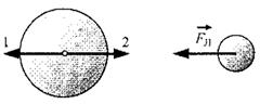 На рисунке приведены условные изображения Земли и Луны, а также вектор FЛ силы притяжения Луны Землей. Известно, что масса Земли примерно в 81 раз больше массы Луны. Вдоль какой стрелки (1 или 2) направлена и чему равна по модулю сила, действующая на Землю со стороны Луны? 1) вдоль 1, равна FЛ 2) вдоль 2, равна FЛ 3) вдоль 1, равна 81 FЛ 4) вдоль 2, равна FЛ/81
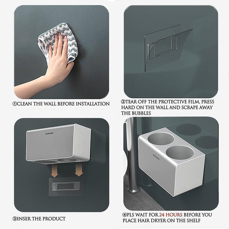 Hair Dryer Holder Storage Rack Curling Shelf Cup Bathroom Organizer Adhesive Au
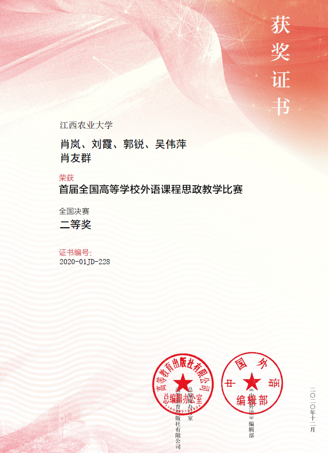 “全国高等学校外语课程思政教学比赛”共吸引来自29个省市、771所高校的1500个教学团队或个人参加,欧冠青年教师团队凭借过硬的教学能力,顺利进入全国决赛并喜获全国二等奖。

*THE PROBLEM*. Copy out the listing above in full and leave out its pictures.

*ANSWER TO THIS PROBLEM*.
 На рисунке приведены условные изображения Земли и Луны, а также вектор FЛ силы притяжения Луны Землей. Известно, что масса Земли примерно в 81 раз больше массы Луны. Вдоль какой стрелки (1 или 2) направлена и чему равна по модулю сила, действующая на Землю со стороны Луны? 1) вдоль 1, равна FЛ 2) вдоль 2, равна FЛ 3) вдоль 1, равна 81 FЛ 4) вдоль 2, равна FЛ/81
 Hair Dryer Holder Storage Rack Curling Shelf Cup Bathroom Organizer Adhesive Au
 “全国高等学校外语课程思政教学比赛”共吸引来自29个省市、771所高校的1500个教学团队或个人参加,欧冠青年教师团队凭借过硬的教学能力,顺利进入全国决赛并喜获全国二等奖。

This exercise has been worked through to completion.